Malcolm Turnbull is firming as a potential replacement for Tony Abbott among disaffected government MPs.
With respected Senator Arthur Sinodinos last night joining the ranks of parliamentary party members to express his discontent with Abbott, some kind of challenge to the leadership when Liberal MPs gather in Canberra next Tuesday is looking increasingly likely.
Sinodinos told Sky News last night the speculation over the leadership was “not just media hype”.
“My support for him has been based on his performance, his courage, his capacity to make the right calls for the country in opposition and in government,” Sinodinos said. “But that support ongoing is not unconditional.”
There remain a couple of problems – contradictions, even – in the disaffected MPs’ case for a change.
From the outside looking in, voters, on the face of it, are simply embarrassed by the perceived gaffes, sledgehammer approach and general old-timeyness of Abbott’s leadership.
Economically, the dissenters are wondering how the leadership has made such a hash of building an argument and a plan for fixing the country’s finances.
In the case of the former, arguably more prescient concerns when the time comes for Australians to front up at the ballot box, Abbott’s uneasy colleagues have a case.
In the latter, not so much. In fact, changing leaders right now could arguably make consumers and business even more wary about the future than before.

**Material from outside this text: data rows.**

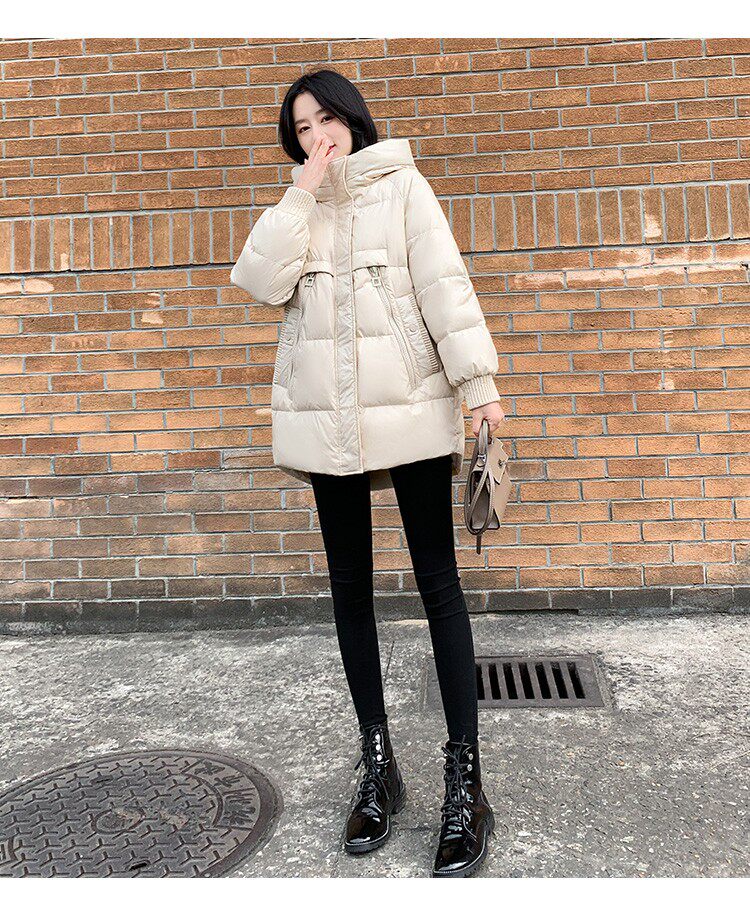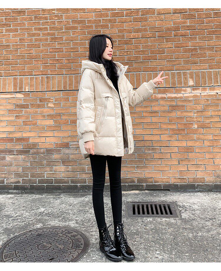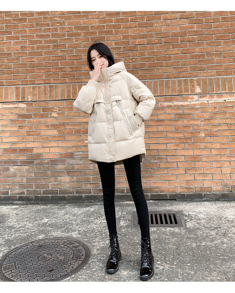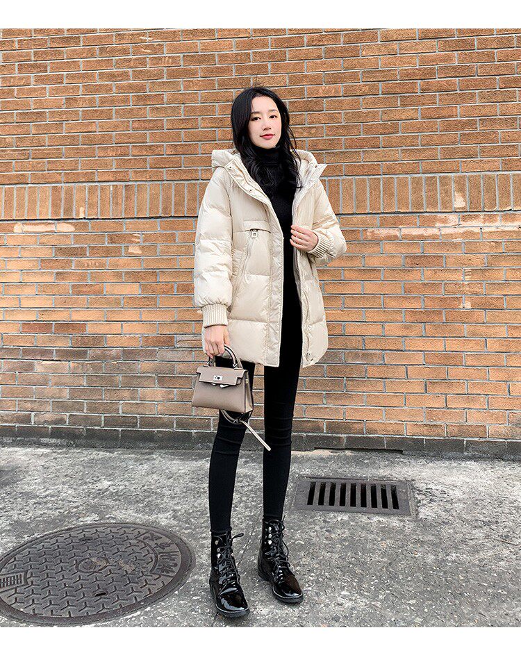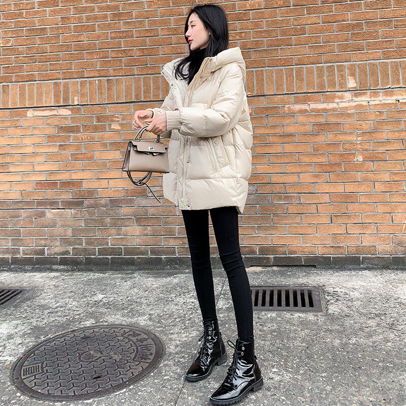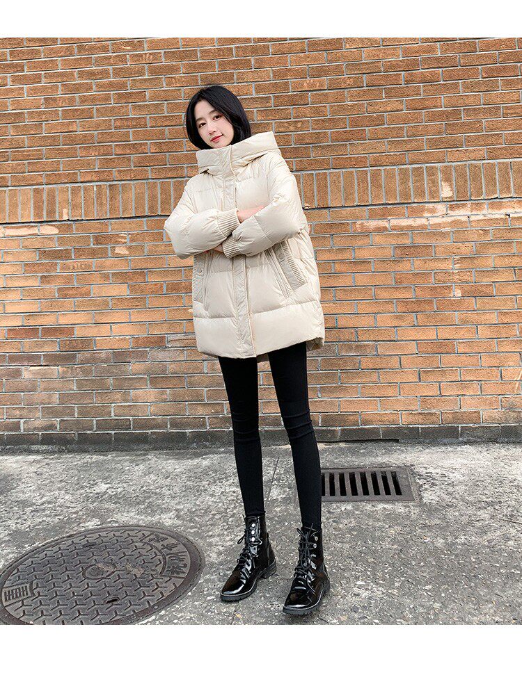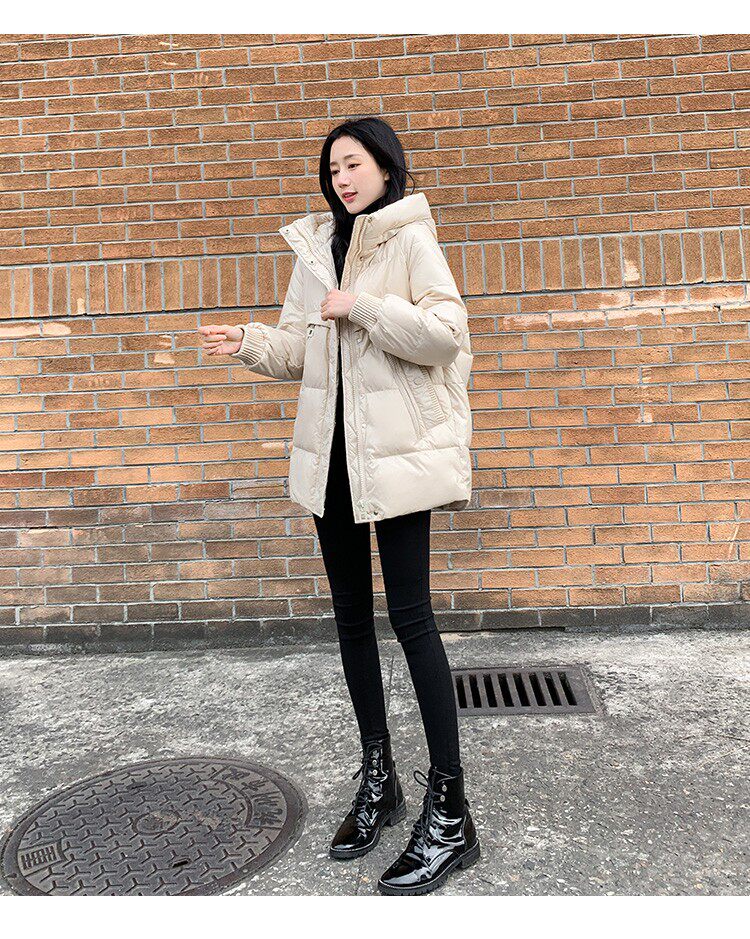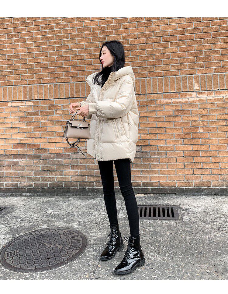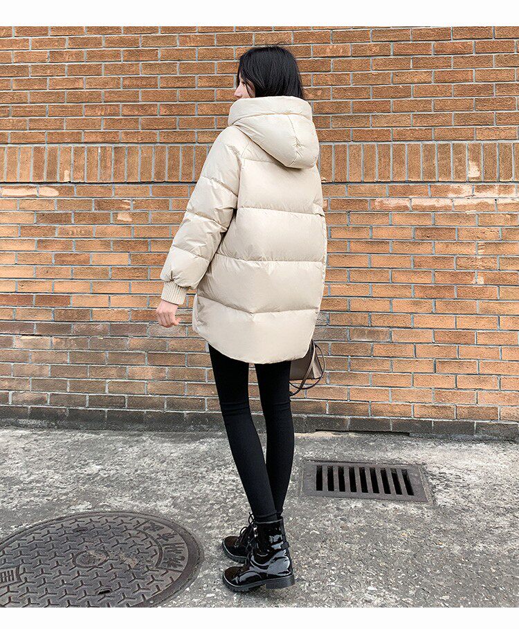 Пуховик, зимняя черная толстовка с капюшоном, бархатная куртка, 2023, в корейском стиле, свободный крой, утиный пух
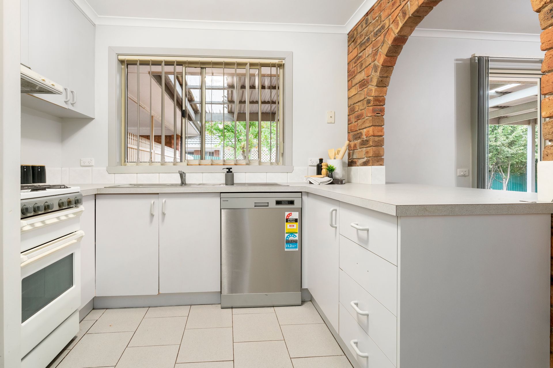 The practical kitchen includes white cabinets and pantry, a gas cooktop, an oven and a dishwasher, and a lovely breakfast bar with a beautiful brick arch diving it from the meals/living area. This area is filled with natural light coming through the sliding doors that lead outside.
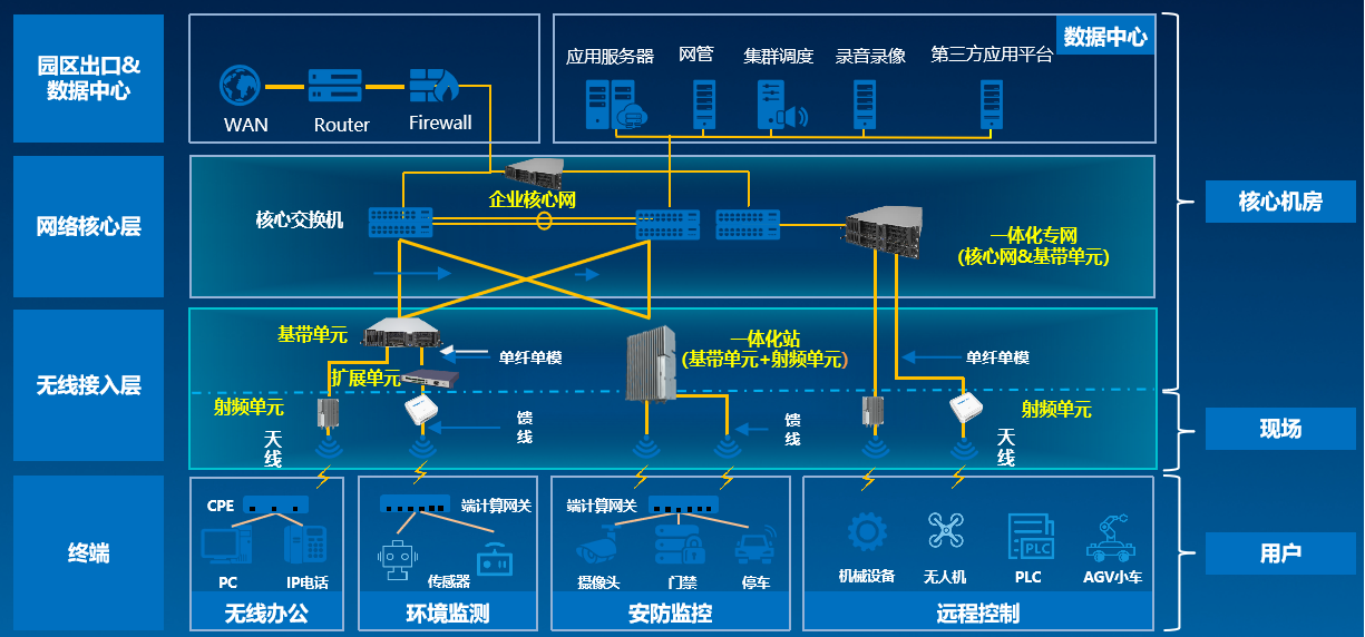 随着数字化转型的深入,移动通信技术正与人工智能、物联网、云计算、大数据、边缘计算等技术深度融合,加速各行各业向数字化、网络化、智能化转型,开启数字经济的新时代。Ebpay(中国)新一代通信移动专网基于3GPP协议内定义的标准化接口设计并互联互通,采用先进开放的架构平台、灵活智能的组网方案,设计研发支持不同厂家的射频单元、CU/DU分离、云原生和Option 2的架构,支持AES、Snow3G、ZUCC等三种加密和完保算法,支持E2接口和SON(自组织网络)等功能,具备云化、简单、智能、柔性等特点,给予统一云网管理运维平台,为行业客户带来高质量高安全的业务体验。
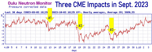 THREE CME IMPACTS IN SEPTEMBER: The sun has been buffeting Earth with CMEs. In September there were three significant strikes, each one sparking a geomagnetic storm with mid-latitude auroras. Another side-effect might surprise you. Each CME reduced cosmic radiation around our planet:

While the growing problems for the national economy are largely external and quite simply down to falls in prices large Australian mining companies get for the stuff they sell overseas, there’s continuing domestic weakness too.
Confidence and growth
Economists attribute this in no small part to the sledgehammer blow to confidence from the federal budget in May last year. Billions of dollars in budget measures remain tied up in the volatile Senate. Confidence as measured in the business and consumer surveys has remained weak in the nine months since.
The rolling of the government on its Future of Financial Advice reforms and the shambles around its attempts to change the structure of GP payments have cemented the appearance that the government simply can’t get things done – and despite the promises of “no surprises”, it’s got plenty of them. The “animal spirits” typically expected to materialise from record-low interest rates simply haven’t arisen in this environment.

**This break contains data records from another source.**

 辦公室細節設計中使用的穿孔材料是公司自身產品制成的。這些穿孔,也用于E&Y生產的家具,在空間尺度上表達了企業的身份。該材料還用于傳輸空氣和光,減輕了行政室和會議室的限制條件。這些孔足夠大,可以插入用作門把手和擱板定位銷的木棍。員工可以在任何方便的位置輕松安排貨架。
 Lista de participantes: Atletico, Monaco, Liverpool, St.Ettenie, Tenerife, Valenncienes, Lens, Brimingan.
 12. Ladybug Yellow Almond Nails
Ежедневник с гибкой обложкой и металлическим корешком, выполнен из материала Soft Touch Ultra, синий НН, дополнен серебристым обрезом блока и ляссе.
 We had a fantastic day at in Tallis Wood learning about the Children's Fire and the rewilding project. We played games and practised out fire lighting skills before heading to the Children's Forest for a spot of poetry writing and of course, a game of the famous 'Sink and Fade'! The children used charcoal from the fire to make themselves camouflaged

Uncertainty is economic poison. Regulatory haze, and the inability of business leaders to take the government at its word, postpones investment decisions and holds back employment growth.
The first MP to go public and say he wanted Abbott gone, Western Australia’s Dennis Jensen, made the point this week that on the economy, the government was only talking about debt and deficit and didn’t seem to have a coherent, positive plan for creating the conditions for economic growth.
Not many would disagree.
But the solution proposed from Jensen and the disaffected MPs appears to introduce more uncertainty, in the form of party destabilisation and a potential change of leadership, for which there is no firm candidate and hence even more absence of clarity than what’s offered by the current mob.
On the domestic economic impact, there’s no guarantee that changing the PM at this point, when there are huge downward revisions coming for the economic outlook, would bolster confidence.
In fact, Abbott and treasurer Joe Hockey finally seem to be appraised of the fact that they are not economic alchemists and that Australia might need to live with deficits for many years to come. (The AFR reports this morning that Hockey is preparing to abandon his goal of a surplus in 2018.)
Any incoming team would have to deliver this deeply unpleasant message to the electorate as one of their first acts. It’s hardly the start a new leader needs to reverse the coalition’s standing in the polls.
No clear plan for change
The Sinodinos intervention certainly makes the danger to Abbott much more clear and present. But as the senator alluded to on TV last night, with no clear challenger, there’s no clear plan. If this is actually going to work, someone needs to start setting out what a new leadership team might look like, what it would do, and how it would handle the Senate.
So far, there’s no sign of that.
As for Turnbull, the front-running leadership replacement option, is hated in some corners of the coalition, among the traditional conservatives and the Nationals. And his privileged, wealthy background won’t exactly endear him to Western Sydney’s aspirational voters – the “Howard’s battlers” so vital to electoral success. He comes with built-in stability problems anyway.